Patrick faced his own moral peccadillo when he met Pete Rose. “I loved him,” Patrick said of his boyhood hero. “One of the few times I wasn’t professional was when I interviewed Pete in Florida. I finished the interview and said, ‘I just want you to know, you embarrassed the entire city of Cincinnati.’ He said, ‘How so?’ I said, ‘What you put this city through.’ I wanted him to know. Part of it was my childhood, buying into Pete Rose, wearing number 14, and sliding head first.” Rose’s response? “He said, ‘I’m sorry you feel that way.’ ” Sounds like Rose ruined Dan’s scrapbook.
Sports spawns endless trivia, a subject Patrick enjoys. He’s turning it into more work with the Sports Jeopardy gig for Sony’s Crackle. “I saw the possibility for ‘Sports Jeopardy,’ and I reached out to Steve Moscow at Sony and said, ‘I’m your guy.’ He’s been sitting on the idea for 20 years. I want it to be fun, not stiff or corporate feeling. It’s going to be a barroom chat, even though you are watching at home.
“I first met my wife, and we were at a party in New York. I wouldn’t let people leave until they stumped me with a trivia question. About seven guys lined up with their wives or girlfriends. They had to go to the back of the line and then come back with another trivia question. We all think we know more than the other guy. That’s the fun part of it.”
Patrick is asked to field a question of his own, difficulty about eight: Who was the first baseball player to win the MVP at two positions? He guesses Alex Rodriguez. The answer is Stan Musial, who won the MVP in 1943 as an outfielder, in 1946 at first base and in 1948 in the outfield again. To the back of the line, Dan!
Back in the Milford studio, Patrick has Joel Embiid, picked third by the Philadelphia 76ers, on the phone. Since Embiid played soccer in Cameroon, Patrick asks if he’d rather be famous for soccer or basketball. Embiid pauses and says soccer. Patrick breaks up.

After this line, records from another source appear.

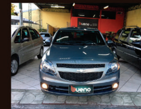
Agile LTZ 1.4 Flex 2013 Completo só 10.000km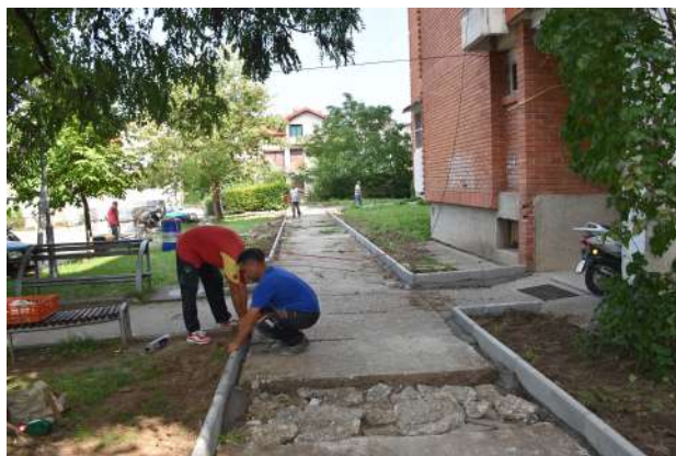
Поплучување на пристапни патеки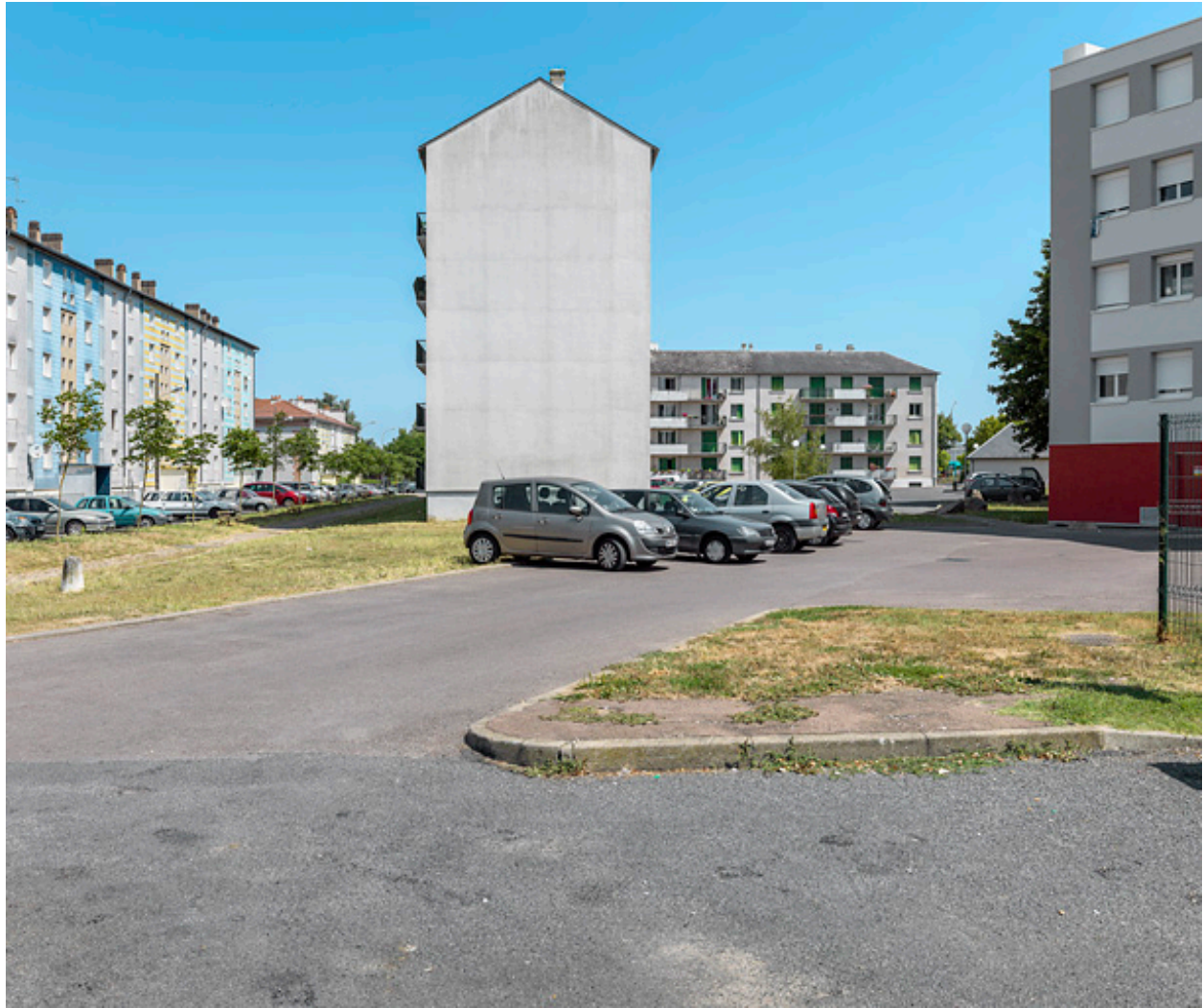
Bâtiment SIDEN, façade latérale sud et façade postérieure sud.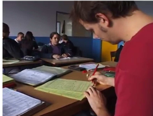
2- LA SALLE DE CLASSE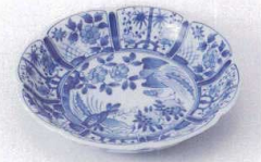
Ya215-41 雪輪型花鳥5.0皿 φ16cm 510円 Ya215-42 雪輪型花鳥4.0皿 φ13.5cm 420円 Ya215-43 雪輪型花鳥3.5皿 φ12cm 320円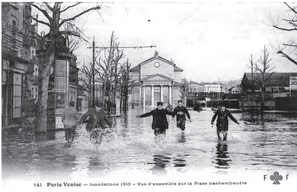
141 Paris-Venise — Inondations 1910 - Vue d'ensemble sur la Place Lachambaudre

ha jön. De most szörnyű volt a veszély, egész Párizst fenyegette mindenestül, s ha csak a Louvre elpusztul, nagyobb világkatasztrófa történt, mint Trója pusztulása. És a modern Ninive népe odaállt az ár elé, ez a léha Párizs elhatározta, hogy leckét ad a komolyságból és emberi méltóságból a világnak. Ez a tragikai fenség, mikor az emberek odaállnak megvadult elemek elé, s azt mondják: nem félünk, föl vesszük a harcot.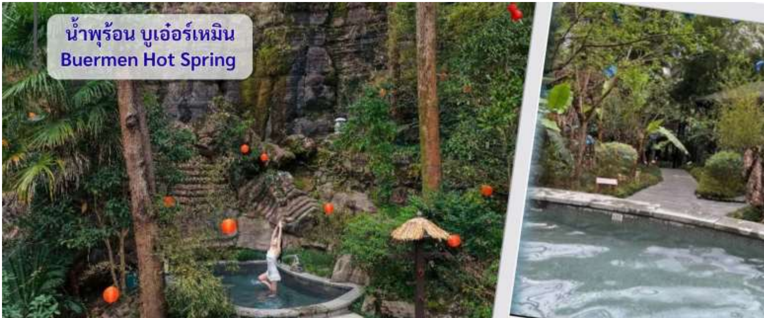
น้ำพุร้อน บูเออร์เหมิน Buermen Hot Spring

ค่า 10 | รับประทานอาหารค่ำ ณ ภัตตาคาร (3)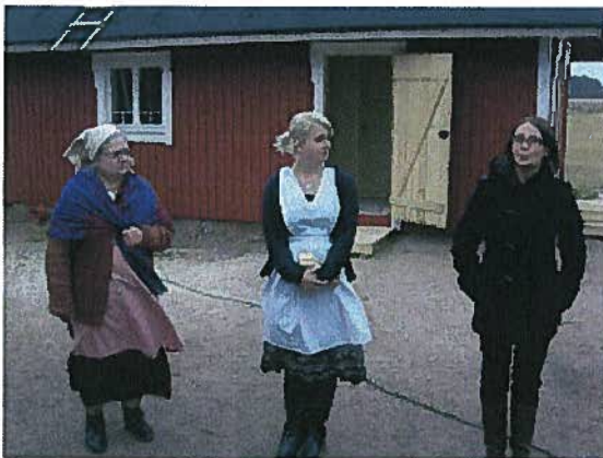
Satakunnan reissulla kävimme niin Välimaan Perinnetorpalla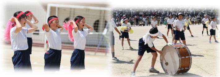
【5年】団体「上 show つなひき 〜力でぶつかあい、つかみとれ勝利の1本線〜」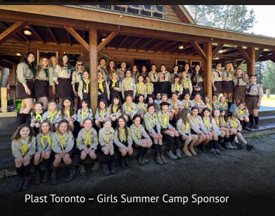
Plast Toronto – Girls Summer Camp Sponsor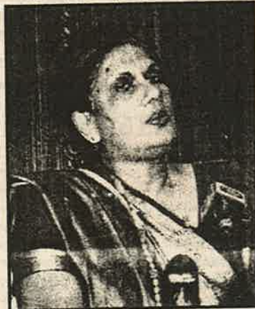
உலக நாடுகளிடம் பிச்சா பாத்திரத்தை கூச்சமின்றி நீட்டிக் கொள்ளவும் முடிகிறது. உலக வங்கி சர்வதேச நாணய நிதியும், ஆசிய அபிவிருத்தி வங்கி என்பன தமது உள்நோக்கங்களை நிறைவேற்ற நிதி வழங்கத் தயார் எனவும் கூறி நிற்கின்றன.

அதேவேளை அரசாங்கம் தன்னைச் சமாதானத்தின் தூதுவராகக் காட்டி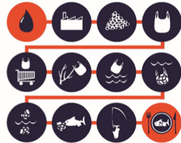
CYCLE DE VIE DU SAC PLASTIQUE, DE LA GOUTTE DE PÉTROLE À VOTRE ASSIETTE.

Les sacs en plastique s'ajoutent à la longue liste des déchets en plastique qui, selon certains experts, seront plus nombreux que les poissons dans l'océan en 2050 ! Les sacs plastique ont donc des effets désastreux pour l'environnement, et en particulier le milieu aquatique. Ils sont notamment responsables de la mort de plus de 260 espèces marines différentes. Ils sont également potentiellement dangereux pour la santé humaine : les mêmes poissons qui ingèrent des sacs plastique finissent dans nos assiettes.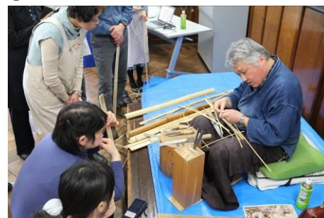
⑤ 有馬籠のフラワーベース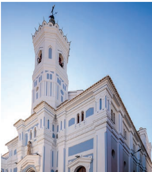
Fotografía de la fachada principal de la iglesia del Niño Jesús de Yecla tras los trabajos de restauración.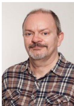
👤 SPVK 👤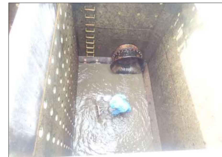
着水井清掃(江津浄水場)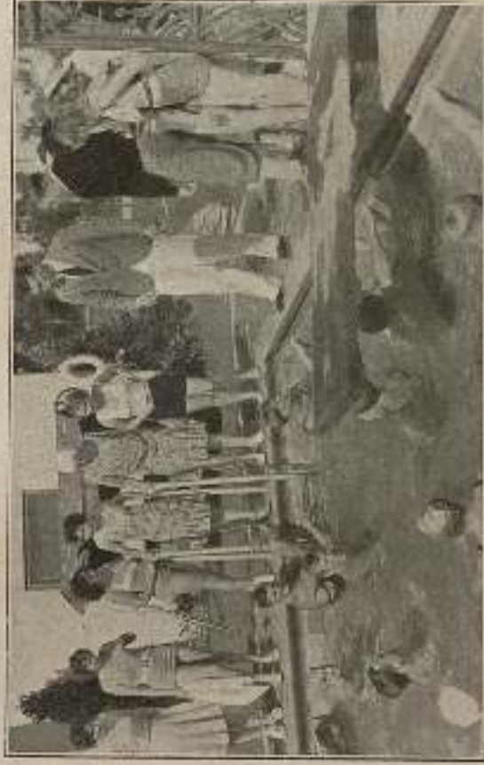
Daosé la mano, camarada...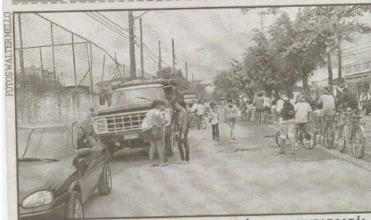
AV. SILVIO FERNANDES LOPES - EE PROF. JOSÉ CAVARIANI (PAE CARÁ)

Não há faixa para pedestres, apenas lombada e placa. Todos os dias, a via recebe grande movimento de estudantes.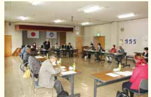
▲金ケ崎町地域福祉活動計画委員会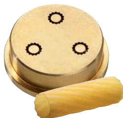
Maccheroni Ø 8,5 mm Gewicht: 0,276 kg GTIN (EAN) 4015613584904 | Art.-Nr. 101977 | Euro 55,-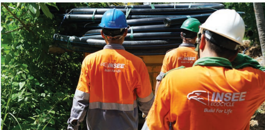
INSEE Vietnam installs water pipelines for Ba Nui Hamlet in Binh An Commune of Kien Luong District, Kien Giang Province

INSEE Vietnam on July 15 joined forces with Tuoi Tre News and Kien Giang Youth Union to organize a ceremony marking the inauguration of a 1.6km-long water pipeline in Ba Nui Hamlet in Binh An Commune of Kien Giang Province's Kien Luong District with a sponsorship of around VND250 million.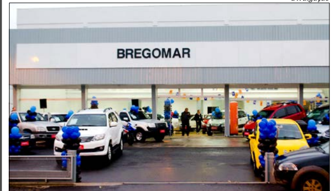
Esta é a quinta edição do feirão realizado na agência em São Miguel do Oeste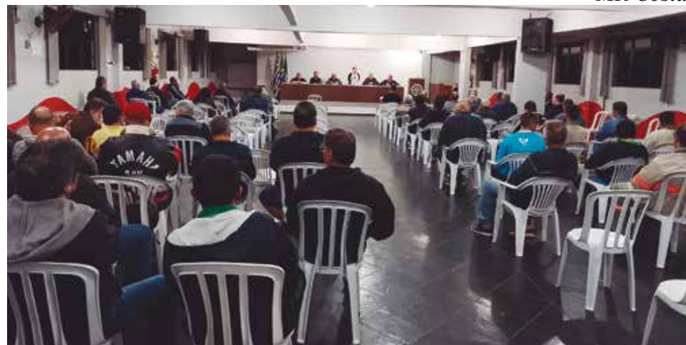
Categoria deliberou sobre as sugestões apresentadas no 10º Congresso

CPFL: Sindicato quer solução para planos de saúde de aposentados por invalidez P.4

The time is nearly up and Patrick says, “Let’s go around the room and see what we learned today.” Opinions come from the Danettes, and most center around how much appreciation they have gained for Embiid after his comment about soccer. Andrew Perloff, known as McLovin, notes: “You said, ‘No show spends more time on nonsense than us.’ ”
Milford sits between New York and Boston, but its reach is national. Good for us. Sports fans don’t have to listen to four consecutive hours of phone calls about why the Yankees signed Carlos Beltran to a three-year, $45 million deal in the first place. They’d much rather try to decode Dennis Miller.
Shouler, the editor of Total Basketball: The Ultimate Basketball Encyclopedia, is an associate professor of philosophy at the County College of Morris in Randolph, New Jersey.